### What needs to be done
Include the line with "Multi-Pocket Color Block" and every line before it in the entries below, echoed exactly, but not the pictures.

### Data in this exercise
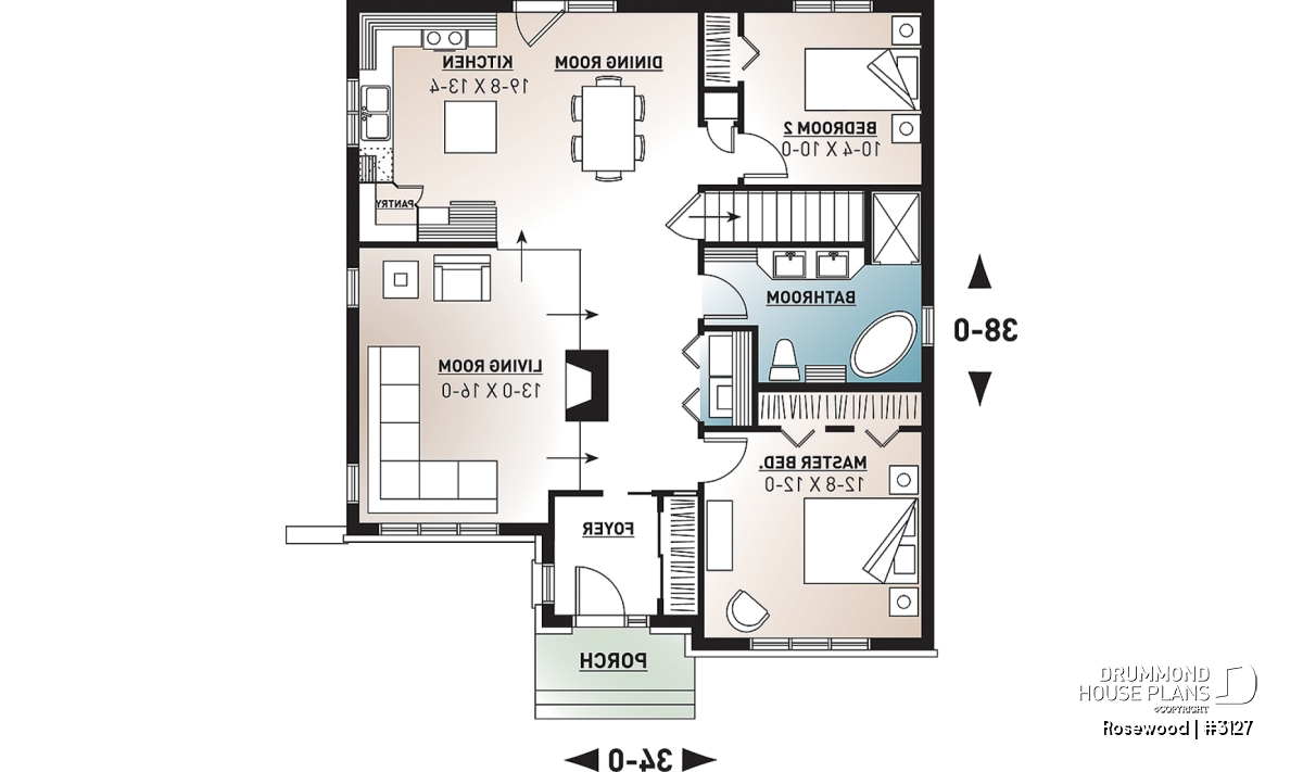 Within, a weatherlock entry leads to a central corridor. To the right, an intimate sunken living room gains an extra 6 inches in ceiling height and is warmed by the fire’s glow. The efficient U-shaped kitchen and adjoining dining room are bathed in light from a double garden door - an ideal exit to enjoy the back yard. Two bedrooms are divided by a hall laundry closet and 5-fixture bathroom complete with double vanity, spa tub and oversize shower.
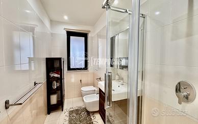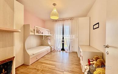 La zona notte è composta da cameretta, camera matrimoniale, un pratico ripostiglio e disimpegno. A servizio dell'appartamento troviamo due bagni ben distinti: uno dedicato alla zona giorno e uno dedicato alla zona notte. La doppia esposizione regala all'appartamento un'ottima luminosità in ogni momento della giornata.
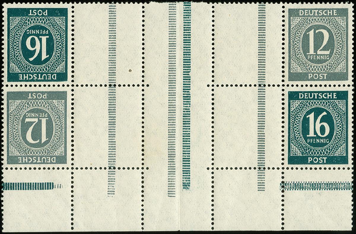 | Zusatzinformationen und Suchstichworte: | 367. Auktion Heinrich Köhler 25. - 29. September 2018 Los 1655 Kehrdruck-Zusammendruck 16 + Z + Z + 12 Pfg. und 12 + Z + Z + 16 Pfg. in einer Blockeinheit vom Unterrand, postfrisch mit Kalanderbügen, wie üblich im Steg gefaltet, sonst tadellos, äußerst seltene Einheit, unsigniert mit Fototattest Schlegel BPP (1987) Ausruf 2.000,00 EUR |
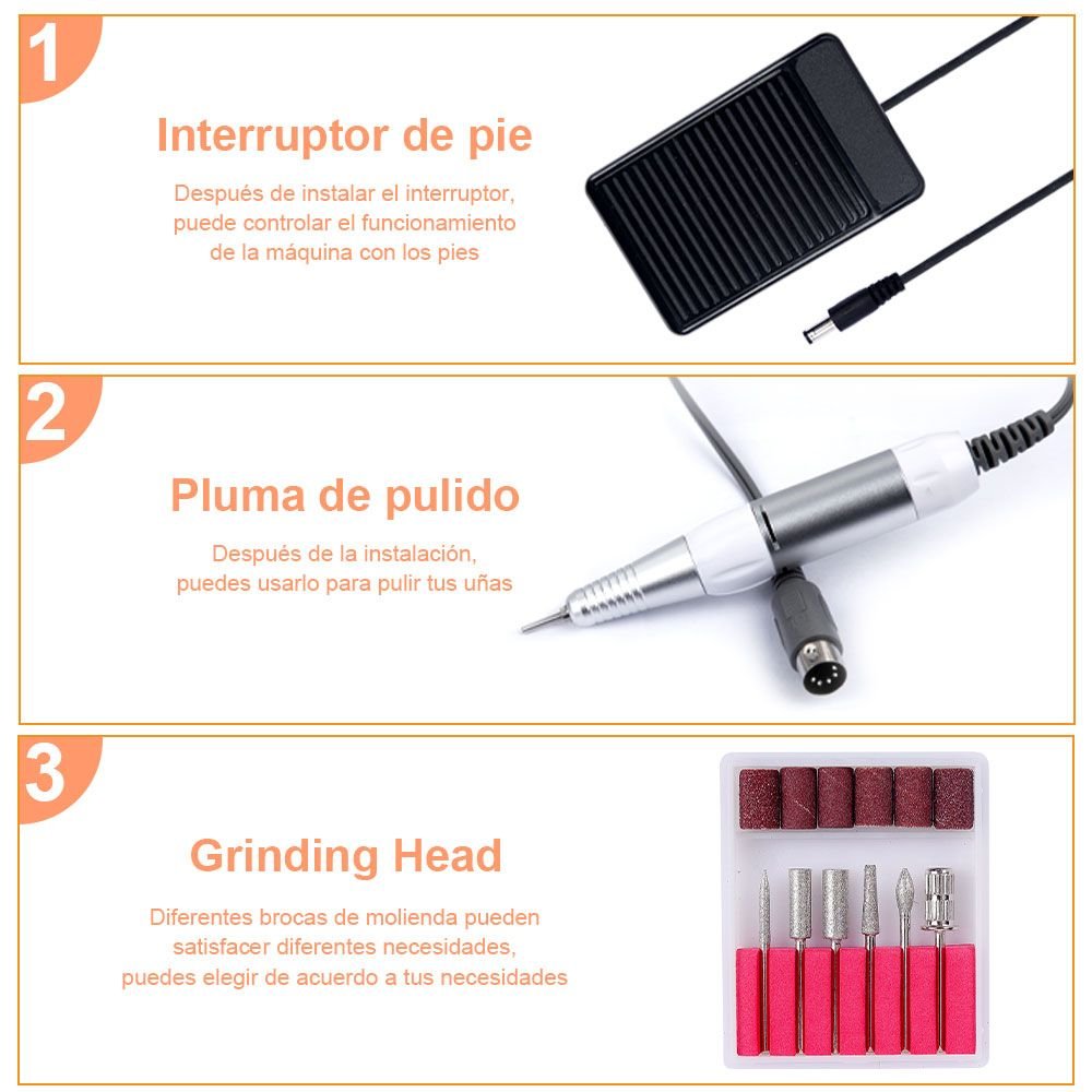 Adjustable Speed: 0 to 35; 000 RPM for different needs; generally you may use slow speed for the cuticle; medium for backfills and concave shapes; a fast speed for the shaping of the surface of the nail; easy to choose perfect speed with 1 control knob
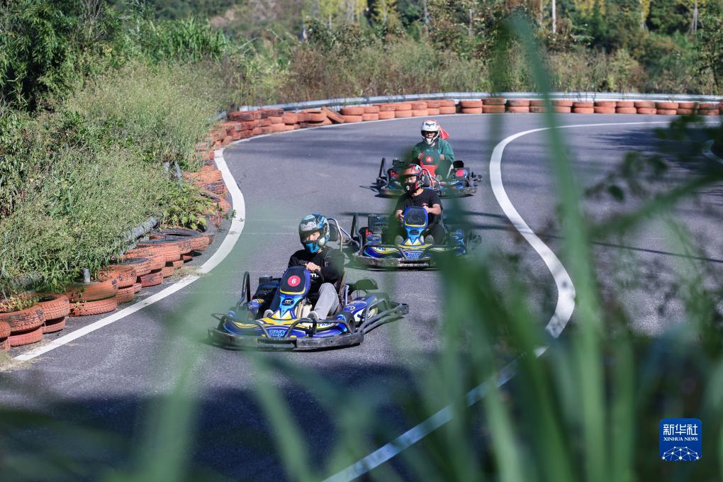 10月23日,游客在建德市楊村橋鎮嶺源樂(lè )活島休閑基地體驗卡丁車(chē)。
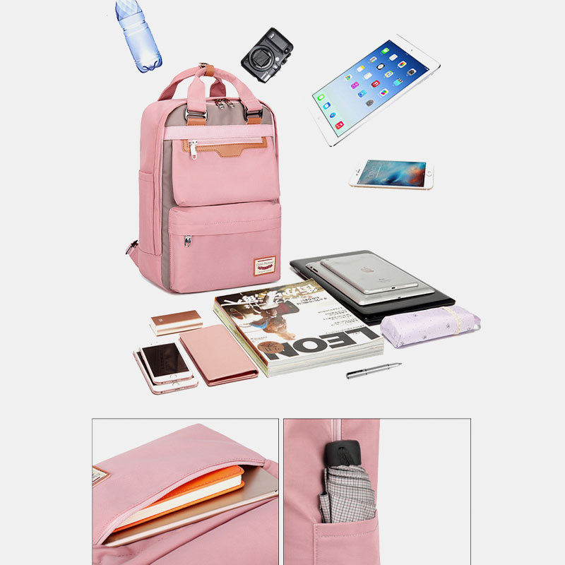 Multi-Pocket Color Block Fashion Patchwork Backpack
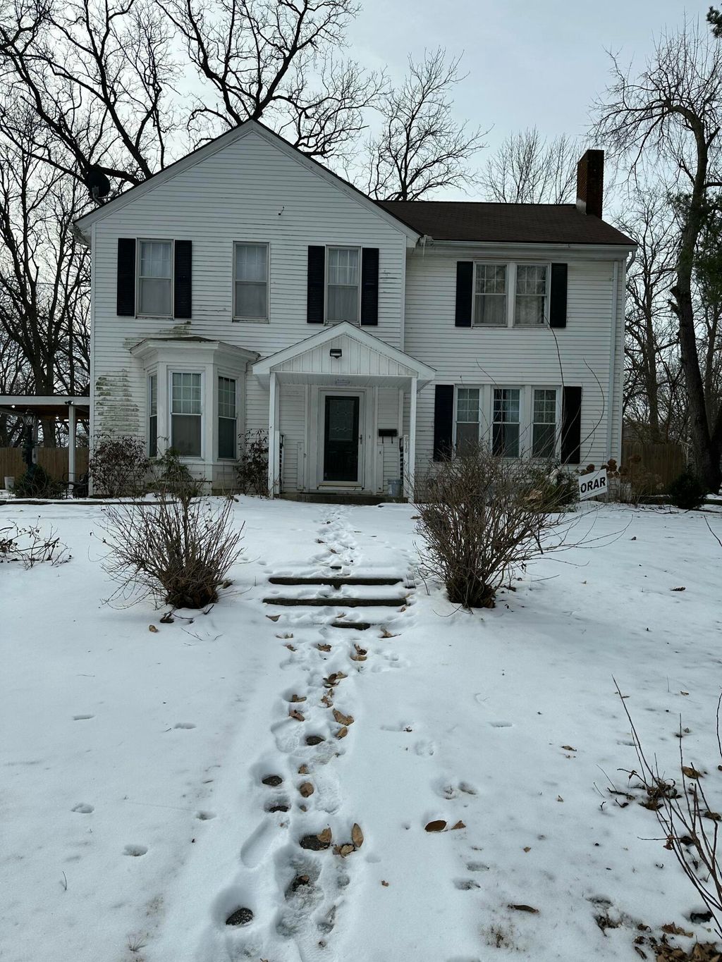 Check out this stately two-story home located within a well established neighborhood. You are within walking distance of historic downtown Marshall. Kitchen is large with ample room for family dinner preparations which can be enjoyed in the adjacent dining room. Living room has fireplace (sellers have never used it). Den/family room has French doors and opens to the living room. Main level laundry area that would make great craft room. Beautiful staircase leads to the second floor. Full bath and three spacious bedrooms on second floor.The backyard is a family's entertainment dream! It is enclosed in a privacy fence and has outdoor lightening. There is a flagstone patio, which is a great place to enjoy morning coffee. Storage sheds have electricity. Trampoline and swing set
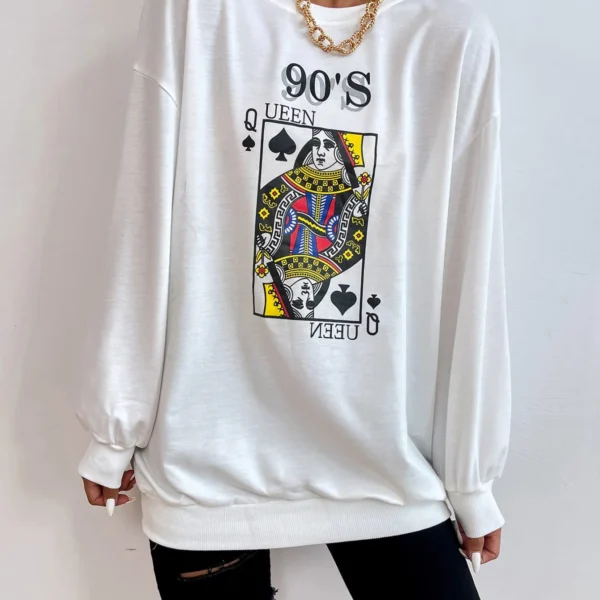 SMY Casual Poker Card Pattern Round Neck Long Hoodie
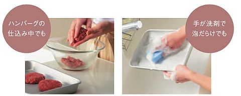 ハンバーグの仕込みで手がベタベタ・・水栓を触ったら汚れちゃう!って時や
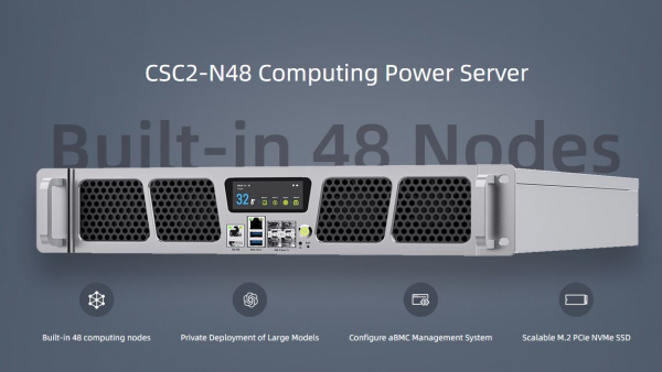 ■製品ハイライト・ 48分散ノード+1制御ノードを2U筐体に集約。ノードはRockchip RK3588S/SOPHGO BM1684X/NVIDIA Jetson Orin Nano・Orin NXから選択可能。制御ノードはRK3588を搭載
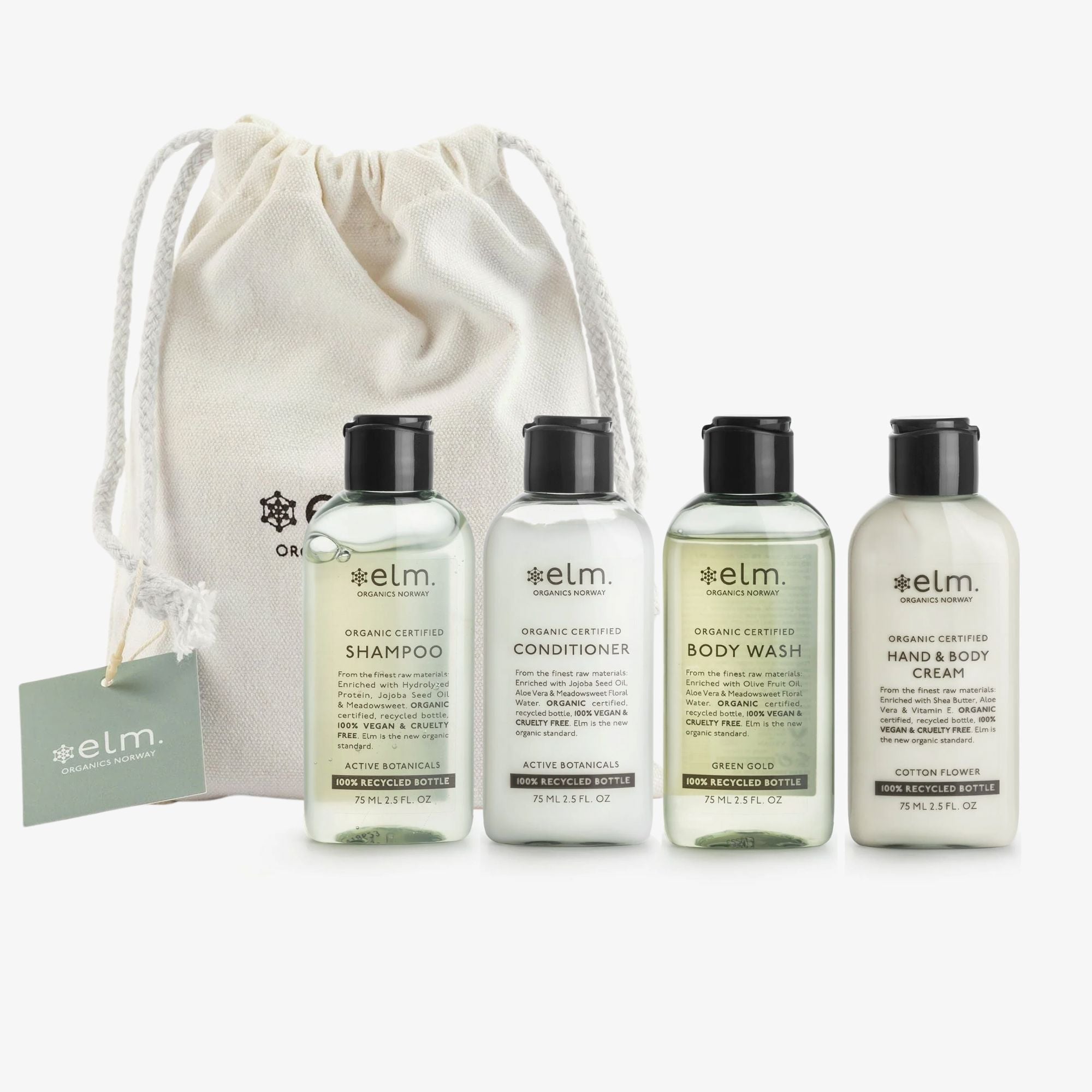 Elm Organics Travel Kit indeholder fire nøje udvalgte produkter i rejsestørrelse sammen med vores eksklusive toilettaske.

### Exercise result
 Within, a weatherlock entry leads to a central corridor. To the right, an intimate sunken living room gains an extra 6 inches in ceiling height and is warmed by the fire’s glow. The efficient U-shaped kitchen and adjoining dining room are bathed in light from a double garden door - an ideal exit to enjoy the back yard. Two bedrooms are divided by a hall laundry closet and 5-fixture bathroom complete with double vanity, spa tub and oversize shower.
 La zona notte è composta da cameretta, camera matrimoniale, un pratico ripostiglio e disimpegno. A servizio dell'appartamento troviamo due bagni ben distinti: uno dedicato alla zona giorno e uno dedicato alla zona notte. La doppia esposizione regala all'appartamento un'ottima luminosità in ogni momento della giornata.
 | Zusatzinformationen und Suchstichworte: | 367. Auktion Heinrich Köhler 25. - 29. September 2018 Los 1655 Kehrdruck-Zusammendruck 16 + Z + Z + 12 Pfg. und 12 + Z + Z + 16 Pfg. in einer Blockeinheit vom Unterrand, postfrisch mit Kalanderbügen, wie üblich im Steg gefaltet, sonst tadellos, äußerst seltene Einheit, unsigniert mit Fototattest Schlegel BPP (1987) Ausruf 2.000,00 EUR |
 Adjustable Speed: 0 to 35; 000 RPM for different needs; generally you may use slow speed for the cuticle; medium for backfills and concave shapes; a fast speed for the shaping of the surface of the nail; easy to choose perfect speed with 1 control knob
 10月23日,游客在建德市楊村橋鎮嶺源樂(lè )活島休閑基地體驗卡丁車(chē)。
 Multi-Pocket Color Block Fashion Patchwork Backpack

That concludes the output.